### [What the task asks]
Exactly the lines below starting at the line with "6월 호국보훈의 달 센터" and ending at the line with "Le plateau est" are wanted, with both ends included. Leave out the pictures and add no other lines.

(Collected data entries)
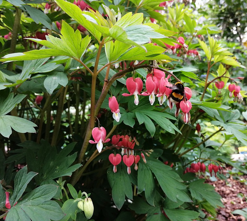 Dicentra spectabilis 'Valentine': Ausschnitt mit Blüten und Brummer.
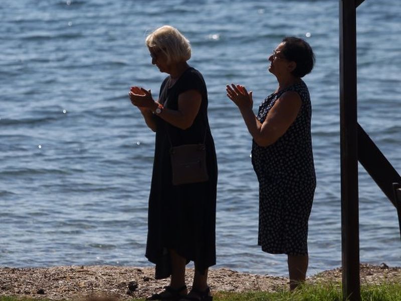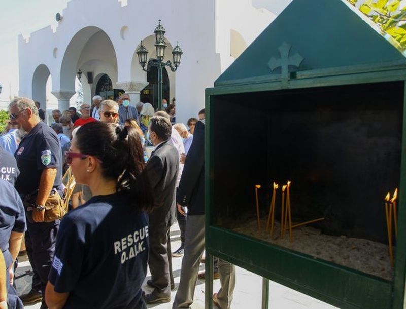 Τρισάγιο στη μνήμη των θυμάτων της φονικής πυρκαγιάς στο Μάτι στις 23 Ιουλίου 2018, τελέστηκε μετά το μνημόσυνο στην Αργυρά Ακτή, παρουσία της Προέδρου της Δημοκρατίας, Κατερίνας Σακελλαροπούλου.
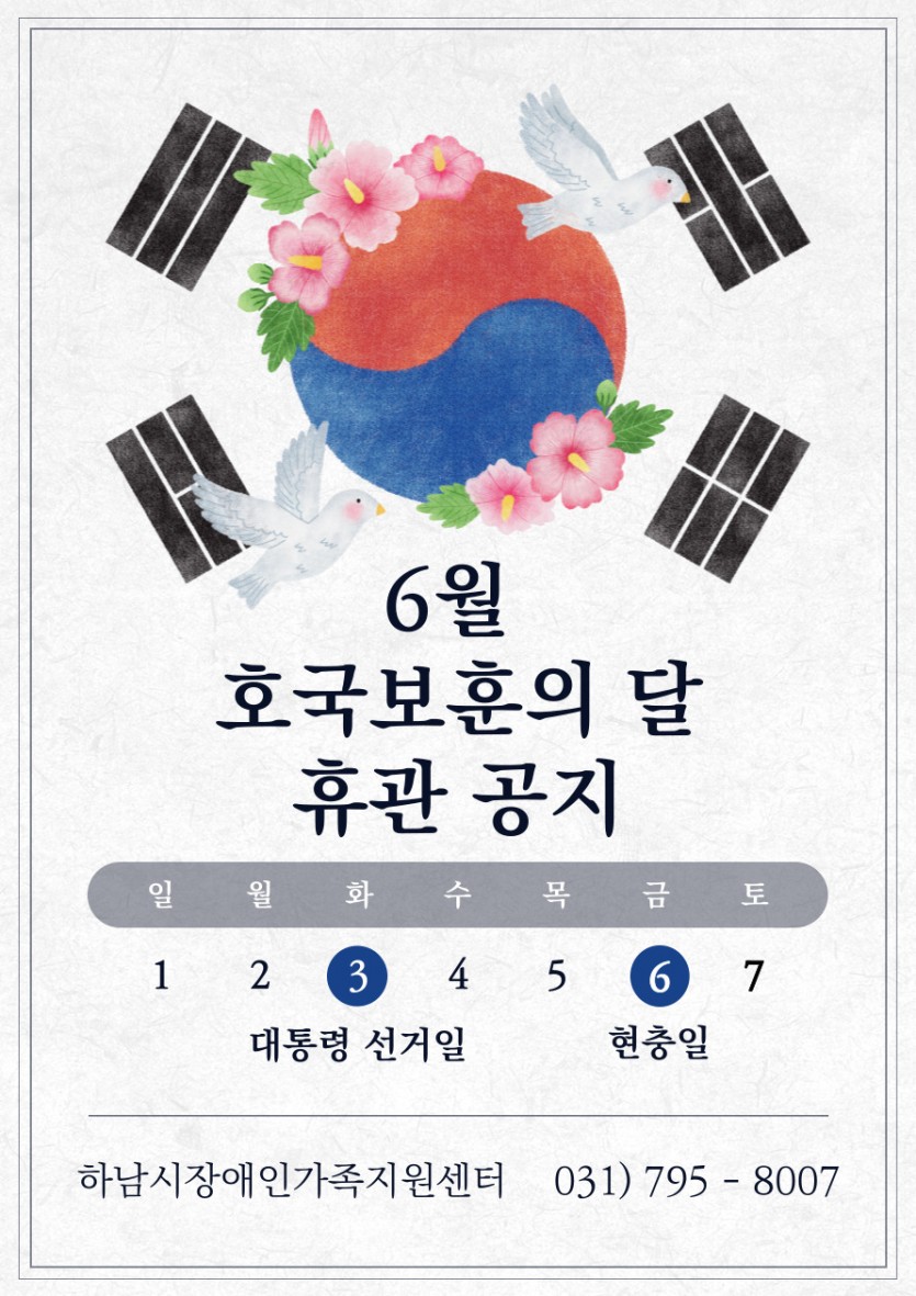 6월 호국보훈의 달 센터 휴관 안내 페이지 정보 작성자 하남시장애인가족지원센터 댓글 0건 조회 203회 작성일 25-06-02 09:26 목록 답변 본문 . 이전글[동료상담] 내담자 모집안내 25.06.04 다음글[가족교육] "성년후견인제도" 사전공지 25.05.28 댓글 0 댓글목록 등록된 댓글이 없습니다.
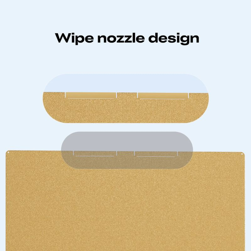 Le plateau est également équipé d’un design “wipe nozzle” qui nettoie les résidus de buse avant impression, garantissant une première couche propre et uniforme.
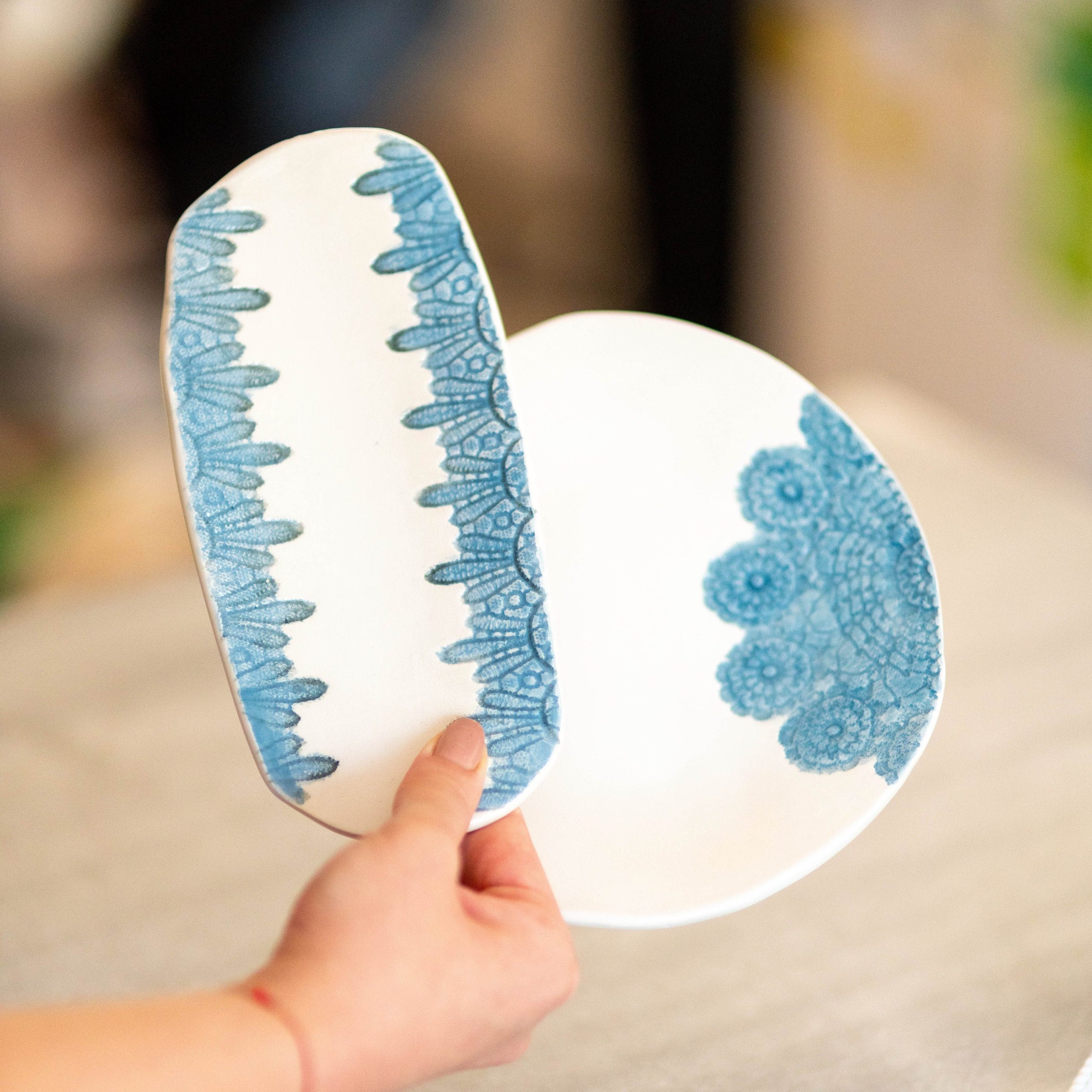 lace pattern plate set, handmade ceramic dinnerware, baby blue summer plates, ceramic plate set, elegant dinnerware, handmade tableware, lace design, artisanal ceramic plates, unique gift for special occasions

### [Solution to this exercise]
 6월 호국보훈의 달 센터 휴관 안내 페이지 정보 작성자 하남시장애인가족지원센터 댓글 0건 조회 203회 작성일 25-06-02 09:26 목록 답변 본문 . 이전글[동료상담] 내담자 모집안내 25.06.04 다음글[가족교육] "성년후견인제도" 사전공지 25.05.28 댓글 0 댓글목록 등록된 댓글이 없습니다.
 Le plateau est également équipé d’un design “wipe nozzle” qui nettoie les résidus de buse avant impression, garantissant une première couche propre et uniforme.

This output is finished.